Critique of testimonio literature
Serna’s novel about Selena Sepúlveda, Señorita México, (or “Miss Mexico” in English) tells the reader about the rise and fall of a former Mexican beauty queen. In many ways the story in and of itself is quite simple; nonetheless, it is in its telling that an additional level of interest is added to the narrative. One has to remember that in 1987 the Latin American literary world was enthralled by an ever more popular type of narrative: testimonio literature. Tape recorders and anthropologists, journalists, activists and others were producing more and more of this literature that was entering the public’s conscience and the university classrooms.

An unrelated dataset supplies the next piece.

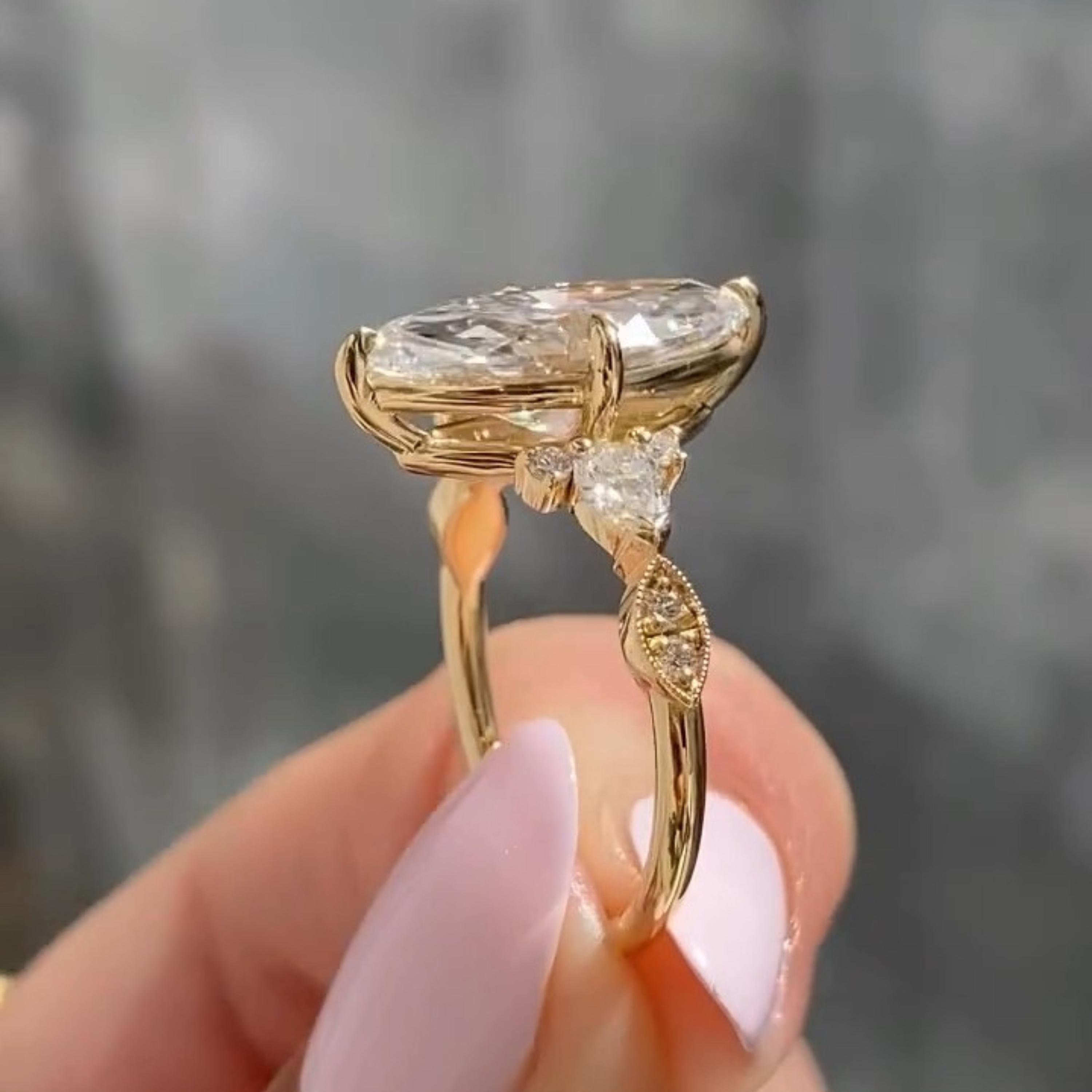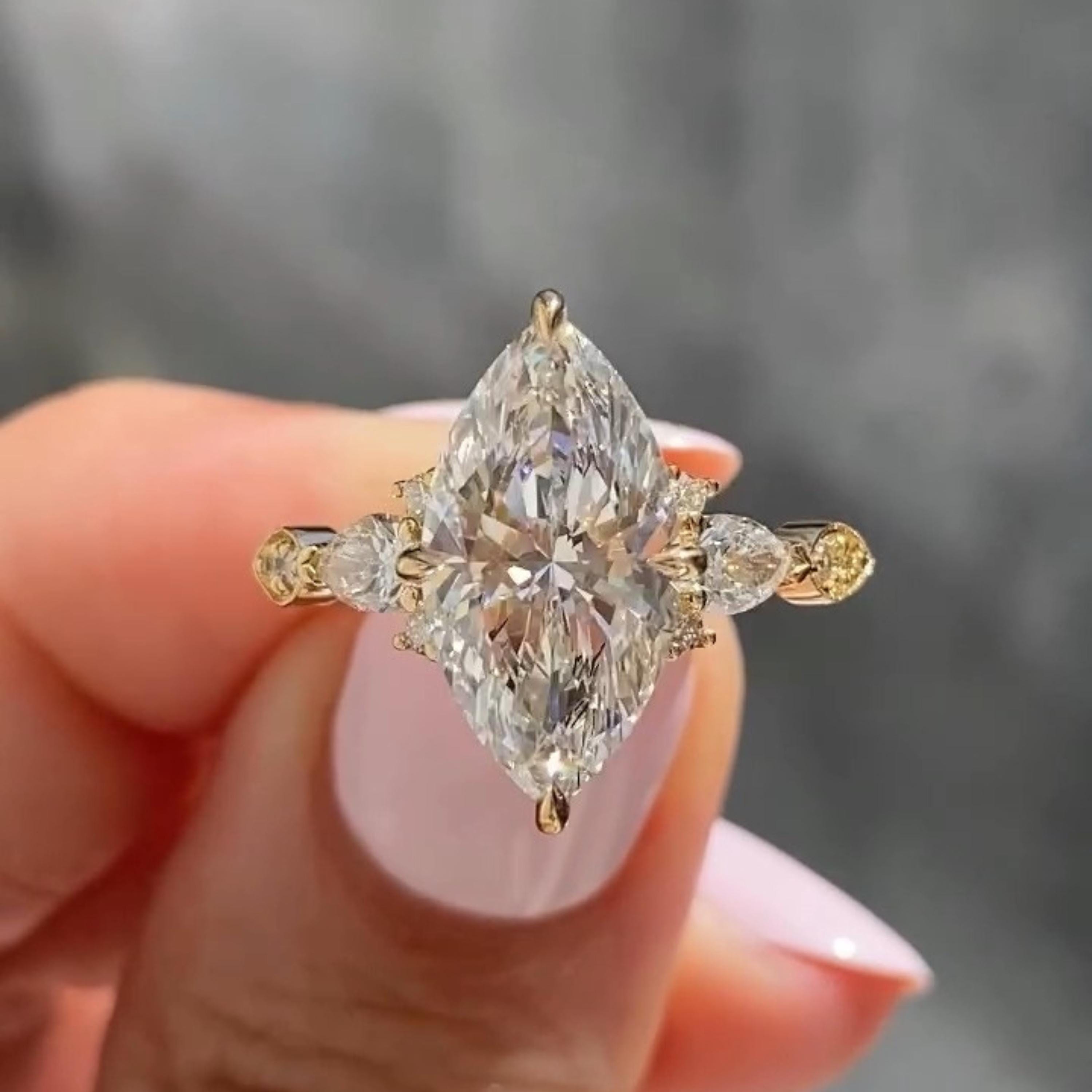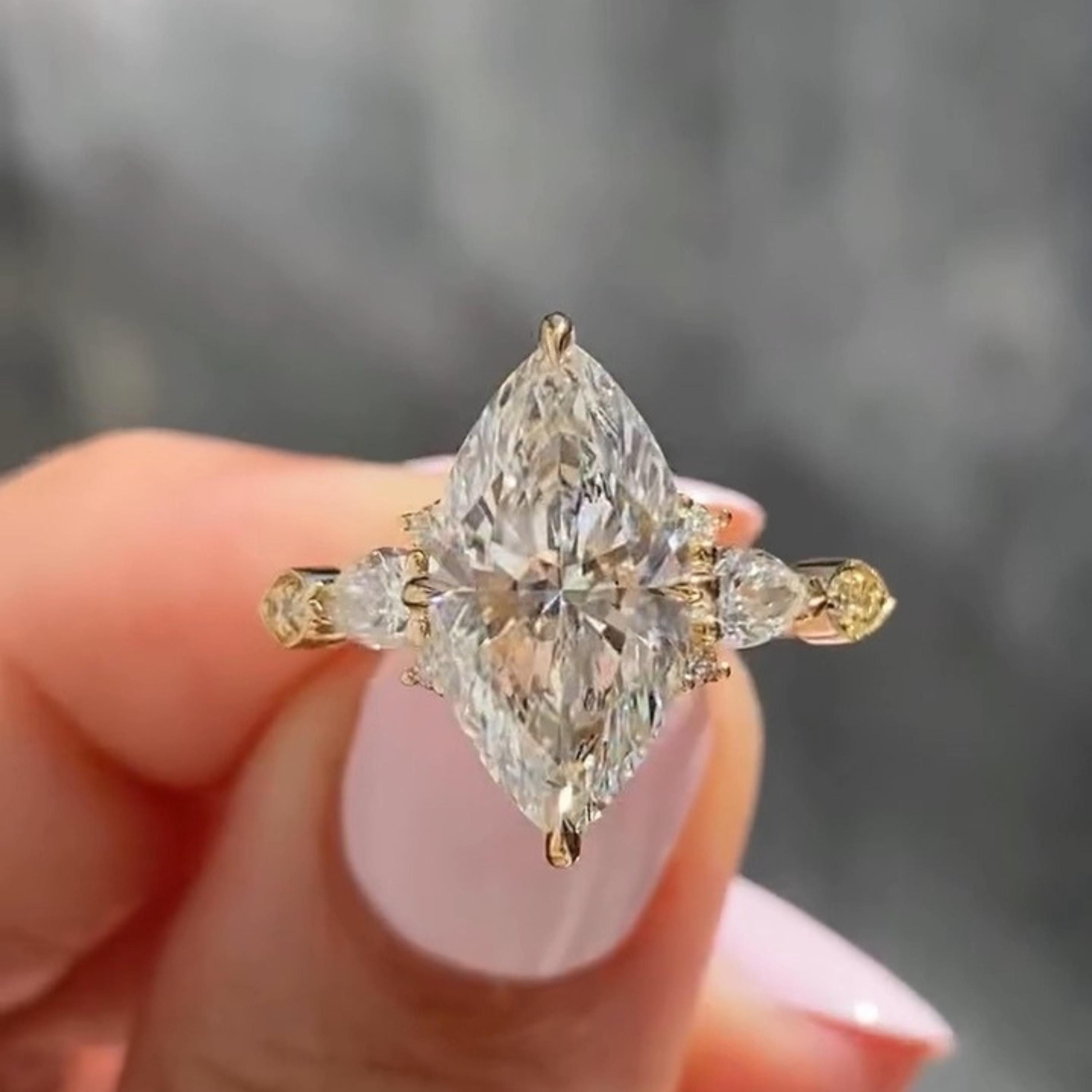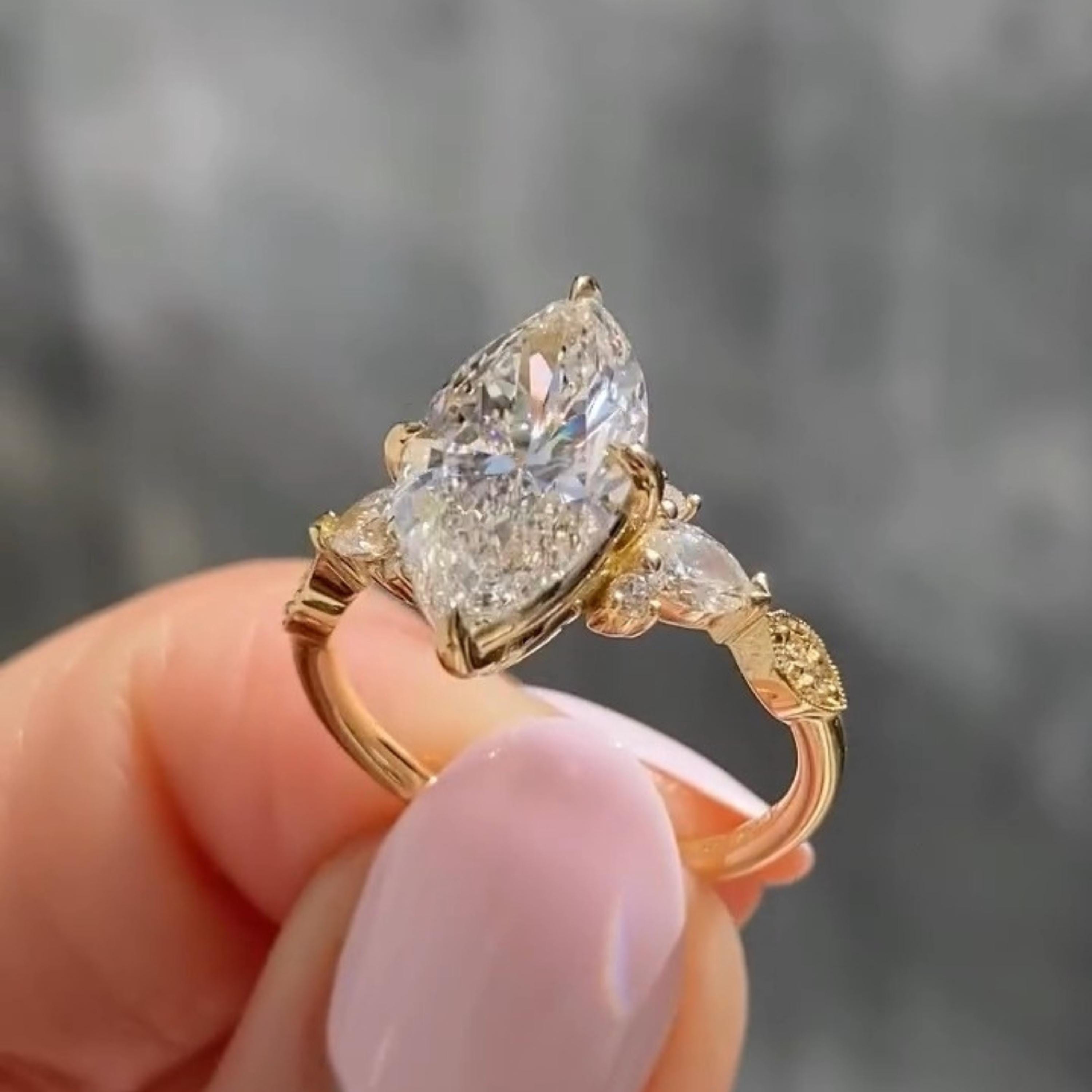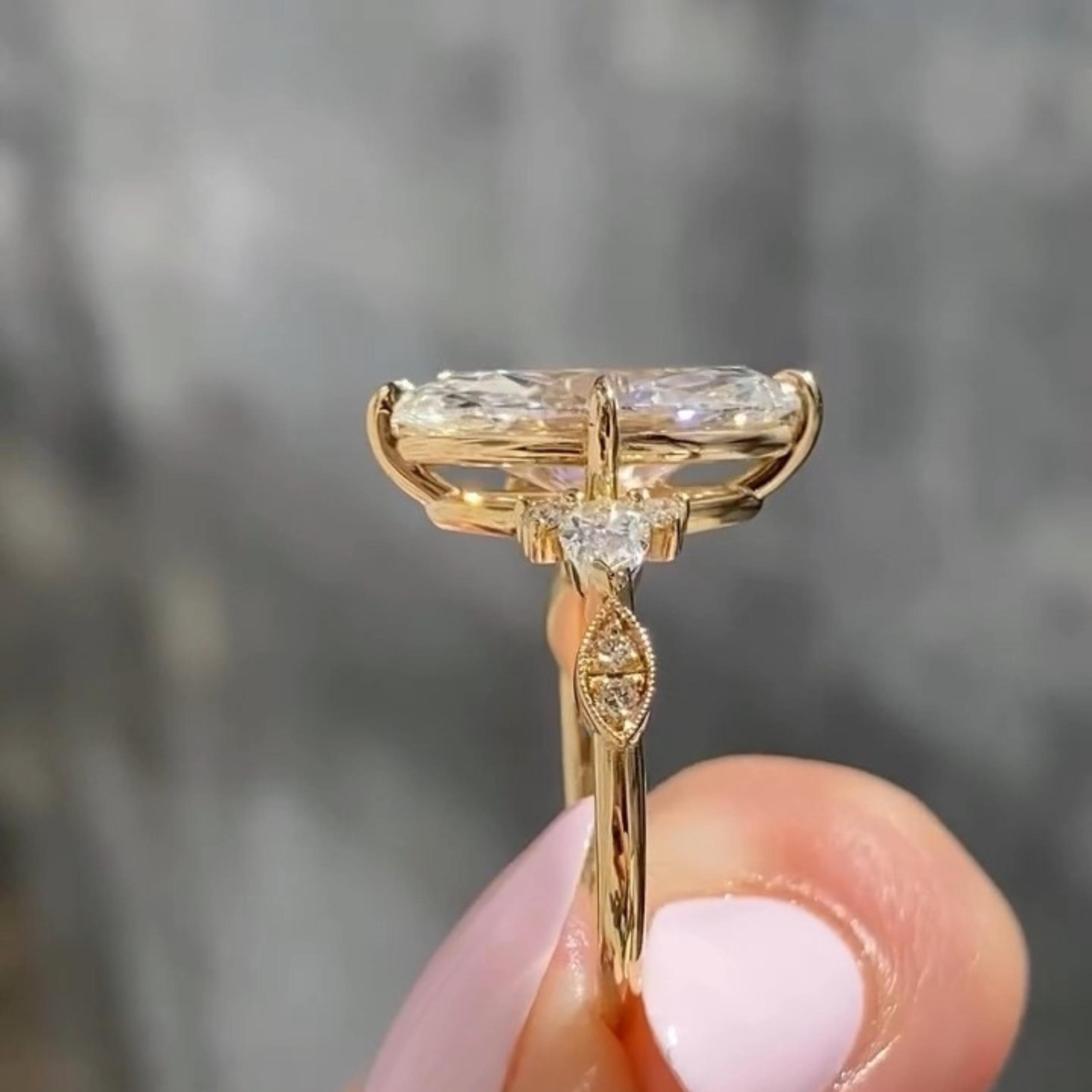 3.00 CT Three Stone Marquise Cut Moissanite Engagement Ring Unique 14K Solid Gold Solitaire Wedding Ring Perfect Propose Ring For Her, Marquise Promise Ring, Gift Ring, Rings For Women, Statement Ring, Vintage Engagement Ring, Promise Rings For Her Diamond Rings, Marquise Cut Ring Gifts For Her, Bridal Ring, Handmade Rings, Personalization Jewelry.

Me llamo Rigoberto Menchú y así me nació la conciencia published by Burgos Debray and the Nobel Prize winning Rigoberta Menchú had come out a scant two years before the original publication of Señorita México. However, Serna’s novel was already pointing to the strengths and weaknesses of this type of writing. It is true that he uses fiction to do so, but his arguments are very clear.
In his novel Serna uses two voices: the first is that of Selene his protagonist who tells “intimate and personal” details of her life and rise to fame to two reporters who write for a magazine that focuses on the rich and famous in Mexico. In the protagonist’s version one is able to read the glossy story as told by the woman herself, though the initial seeds of doubt with regard to her version of events are planted by the writer as he allows us to catch a few small glimpses of the squalid living quarters in which the ex-beauty queen lives and other details that do not seem to fit with what this woman is telling the reporters – whose voices are carefully withheld from the readers.
The alternate story is then told by an omniscient narrator. This gives us the real version of events that describe Selene’s life from the moment she commits suicide backwards through her career, her rise to fame while yet an adolescent, all the way down to the questionable circumstances of her birth. It is the lack of congruence between the informant’s tape-recorded events of her life and the “real version” provided by the all-knowing narrator that allows us to ask questions with regard to the whole life-story genre and the ability to know the truth at all. Though a novel, the tensions created between the fictional narrator and the actual voice of Selene point to the weaknesses in the testimonial literature. Serna’s work of fiction is a sharp critique of this genre.
Other of Serna’s literary trends, such as his critique of Mexican institutions – as in El miedo a los animales (Fear of Animals) – are evident. Nonetheless his amazing talent for capturing different Mexican dialects – such as in Uno soñaba que era rey – is also revealed here. Señorita México shows us that, yes, one is able to see that even from his earliest publications Serna exhibits talents that make him one of Mexico’s literary figures that should be read and watched (and even translated) in the years to come.